The Vendor Lock-In Problem
Before OpenTelemetry, you picked a tracing backend — Jaeger, Zipkin, AWS X-Ray, Datadog — and used their native SDK. Your instrumentation code was coupled to that choice. Switching backends meant rewriting instrumentation across every service. At IBM scale, that's not a refactor, that's a project.
Jaeger's Go client, Zipkin's Go client, and Datadog's tracer all have different APIs. If you instrument your service against the Jaeger client directly, you've made a choice that's hard to reverse.
OpenTelemetry separates the instrumentation API from the export mechanism. You write instrumentation once against the OTel API. The exporter is configuration. Want to send to Jaeger today and switch to a different backend next year? Change the exporter, touch nothing else.
The Go SDK is still in beta as of early 2020, which means API stability is not guaranteed. I'm accepting that risk because the alternative — instrumenting against vendor clients — creates a worse long-term problem.
Core Concepts
A trace is a tree of spans representing a single logical operation across your system.
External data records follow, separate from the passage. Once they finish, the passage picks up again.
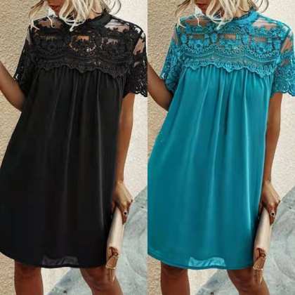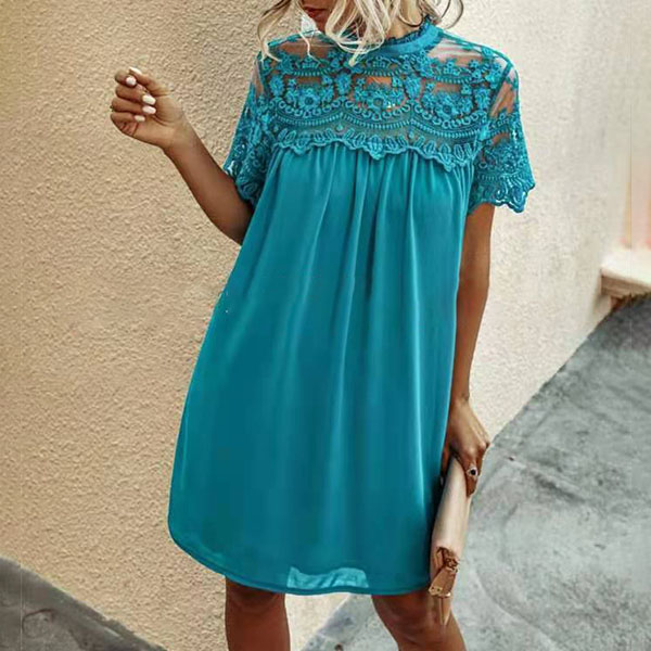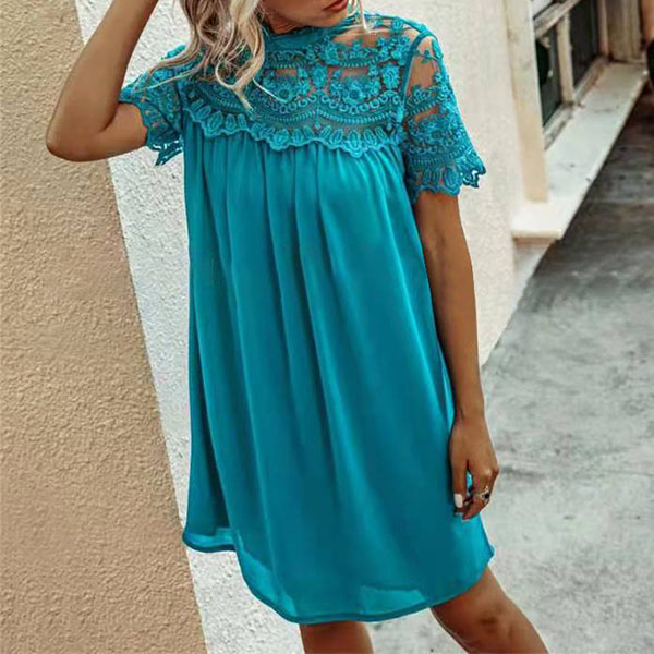 Fashion Lace Spliced Short Sleeve Round Neck Loose Dress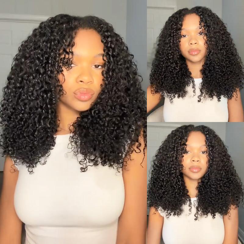 【3 IN 1 Half Wig】Glueless Kinky Curly Wigs Human hair 220% Density Headband Wig Upgrade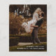 Modern wedding program featuring a simple design with your names in an elegant handwritten script at the top left and your wedding details in right alignment at the bottom right, over your favourite photo. The backside has your order of ceremony, wedding party and thank you message in black over a white background. The chic hand lettering adds a romantic touch to this minimalist design. These cheap wedding programs are printed on sheets of paper for a budget friendly option.
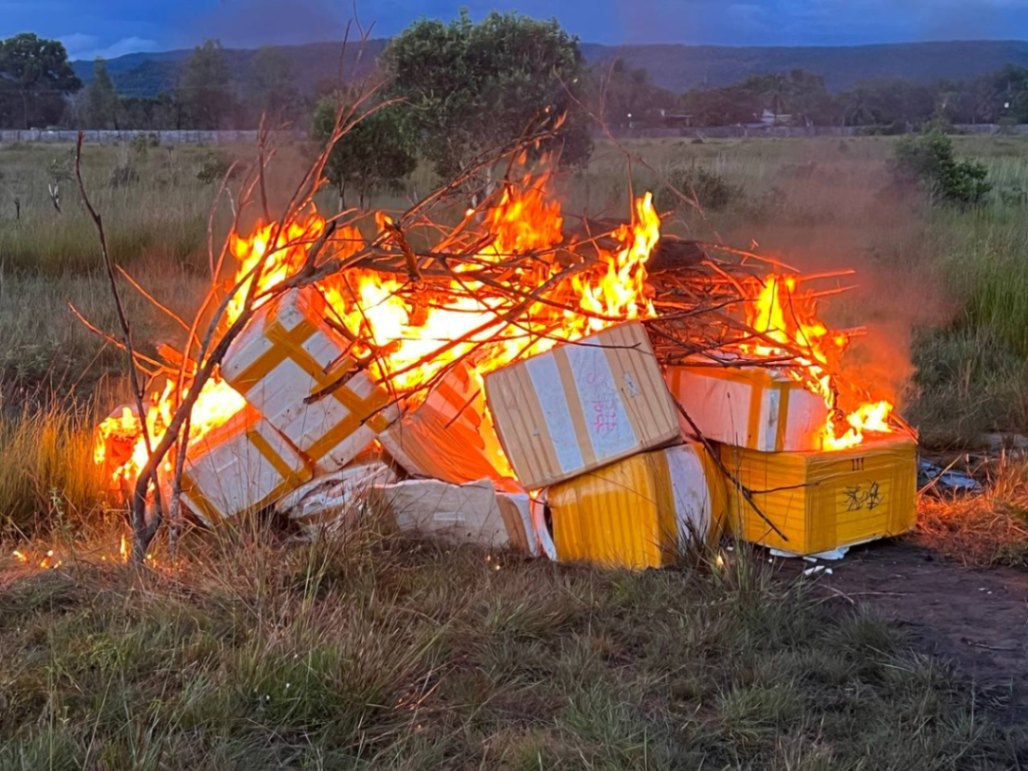 ក្រៅពីសាច់បង្កកដែលបានដុតកម្ទេចចោលខាងលើនេះ ក្នុងនោះក៏មាន ក្ដាមសករស់ជាច្រើនកេស ត្រូវបានលែងនៅ ពាមក្រសោម និងមានទំនិញស្ងួតដូចជា កាហ្វេ ថ្នាំលាបផ្ទះ ទឹកអាស៊ីត ត្រូវបានរក្សាទុកនៅស្នងការ។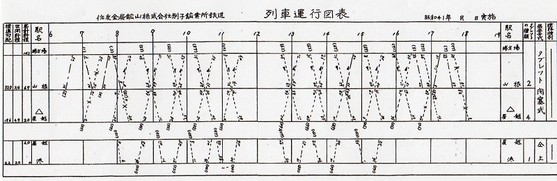 昭和41年の、列車運行ダイヤグラムをみると、すれ違い駅は、土橋ではなく、山根駅に移ったようだ。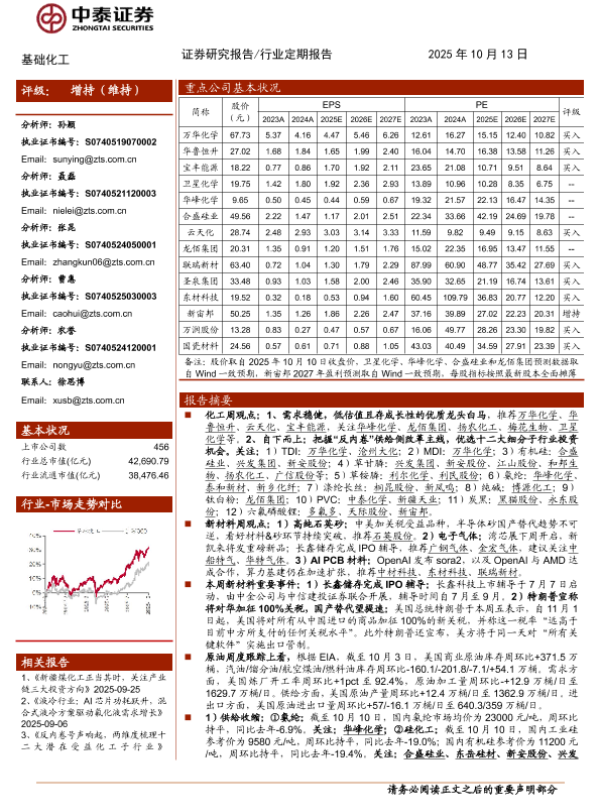 【中泰证券】【202510】基础化工行业:国产储存链替代加速,关注加关税受益品种-28页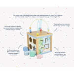 This activity cube is the perfect toy to keep little ones entertained for hours! The 5 different activities include a bead frame, shape sorter, maze, spinning cogs and turning blocks.
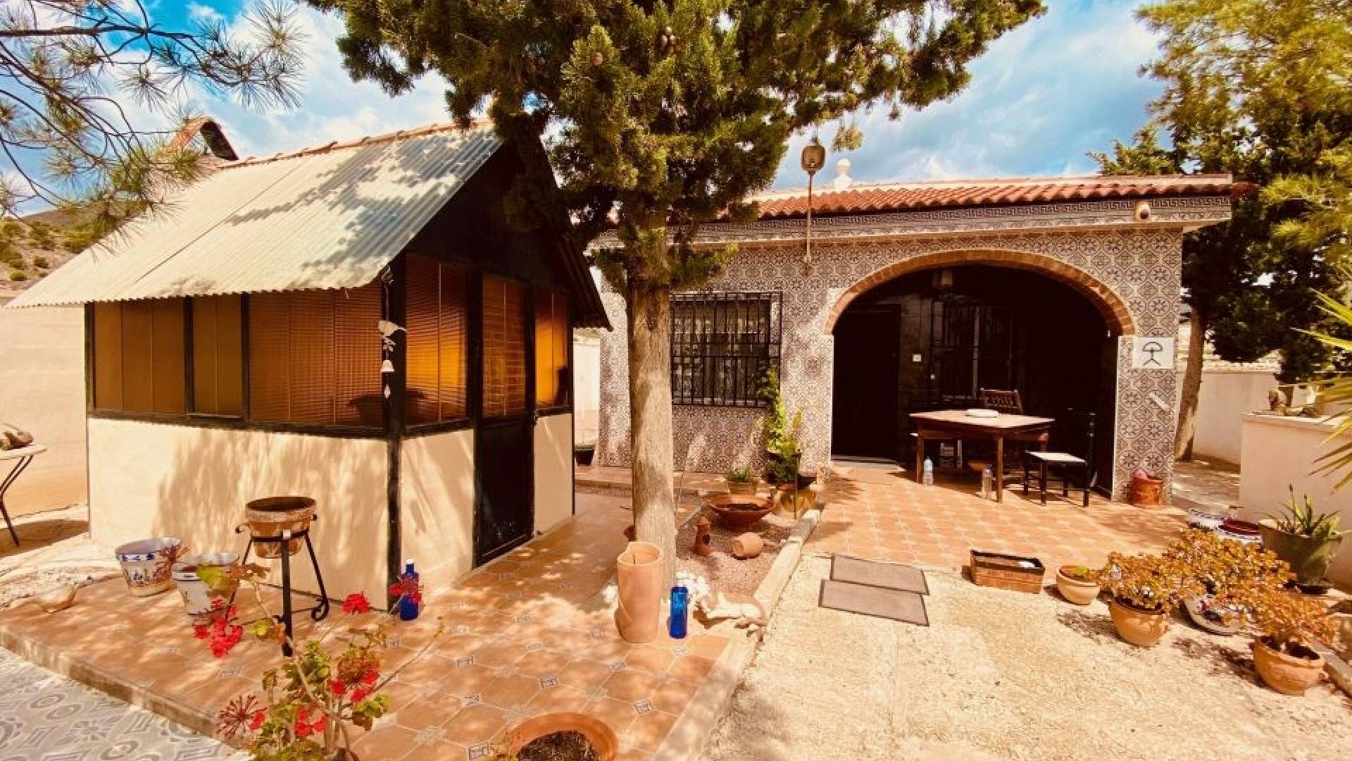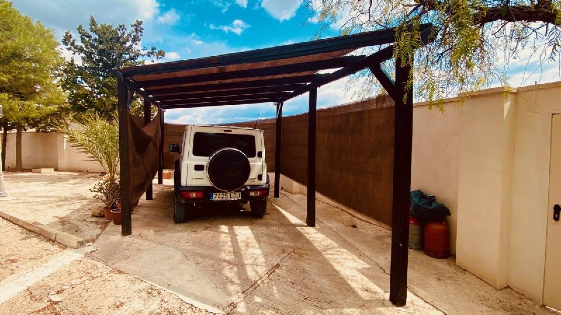 En la parte trasera del terreno encontrará dos trasteros, y en la parte delantera de la casa una original cocina exterior y un carport. Los pinos situados en la parte frontal y lateral de la vivienda proporcionan una agradable sombra durante los meses de verano.

When a request enters your API gateway, that's the root span. When that service calls your key service over gRPC, that's a child span. The key service calling a database — another child span.
Each span has a trace ID (same across the entire tree), a span ID (unique per span), a parent span ID, timing, status, and attributes (key/value metadata you add).
Context propagation is how trace context travels across service boundaries — typically via HTTP headers or gRPC metadata. The W3C Trace Context standard defines the traceparent header format: 00-{trace-id}-{span-id}-{flags}. OpenTelemetry uses this by default.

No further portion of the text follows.